Japan-France Joint Demonstration Experiment on Traveler Paths - Part 1
Japan-France Joint Demonstration Experiment on Traveler Paths – Part 1
Ever since the decision was made for Tokyo to host the Olympic Games, it has been pointed out that there is a greater need for foreign-language signage and other information services for inbound foreign travelers to Japan. But more than just foreign-language signage is needed to receive foreign visitors; they need services that will provide the kind of support that enables them to broaden the scope of their stay by reducing the communication stress that results from language and cultural differences.
In aiming toward that kind of service, OPEN INNOVATION LAB. did a demonstration experiment by collecting and analyzing the life logs of French visitors to Osaka during Nov. 8 to 18, 2015. An experiment done in partnership with Val-d’Oise, a French department that has friendship ties with Osaka prefecture, it was implemented with the assistance of Grand Front Osaka TMO General Incorporated Association and The Senshu Ikeda Bank, Ltd., as well as the technical cooperation of the MIT Media Lab (of which Dentsu and ISID are member companies) and the Kawahara Lab of the Open University of Japan.

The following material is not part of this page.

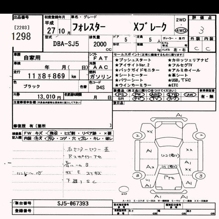 SUBARU FORESTER 2015 г., лот № 1298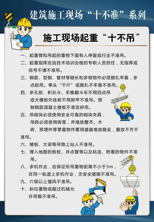 在此,為大家提供建筑工程施工現(xiàn)場常有“十不準(zhǔn)”的掛圖,以防患于未然,為建筑工人的安全保駕護(hù)航。在此,為您分享九款掛圖,總有一款是您需要的!

Experiment participants had an IC card issued in advance at their airport of departure and registered hotels they stay at in Japan and planned exchange amounts (in yen) using dedicated digital signage installed at the airport. After arriving in Japan, they only needed to show their card at the digital signage installed at foreign exchange shops of The Senshu Ikeda Bank in order to get speedy, signature-free exchange service as based on the registered information at the disposal of bank employees. Based on the registered information, users are also provided with information about where to board the bus to their accommodations and recommendations about the next places on their itinerary and neighboring areas. The objective of the service was to reduce the stress of language issues and currency exchange.

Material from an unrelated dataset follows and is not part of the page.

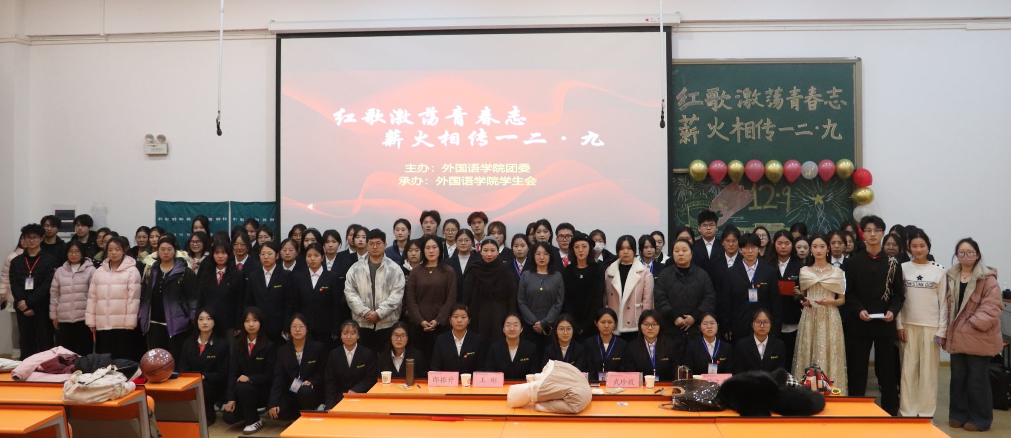 为重温革命历史、传承红色基因,引导广大青年学子厚植家国情怀、勇担时代使命,由外国语学院团委学生会主办,外国语学院组织部、星光公社承办的以“颂歌忆峥嵘,青春续华章”为主题的一二·九红歌合唱比赛于2025年12月9日晚18:30在教学二号楼116正式展开。出席本次活动的有外国语学院党委副书记兼团委书记丁玥老师,外国语学院党建组织员王彬老师,院团委副书记武珍毅老师,徐飞飞老师,郎振丹老师及指导老师张媛媛老师、岳晓宁老师及外国语学院各年级学生代表。

Many foreign visitors – and not just French – tend to pay by credit card in order to avoid exchange rates that are overly expensive at the time of departure and the hassle of having to sign the paperwork required when exchanging currency after arriving in Japan. This is apparently one cause for the scope of activity during their stay being limited to establishments that honor credit cards. However, this experiment determined that many of the participants who acquired Japanese yen were able to actively enjoy experiences in Japan that require cash, such as going to pachinko parlors, taking part in hands-on pottery experiences, and purchasing souvenirs. One conclusion that can be drawn is that the simplification of exchange procedures is a way of enlivening the purchase activities of visiting French people.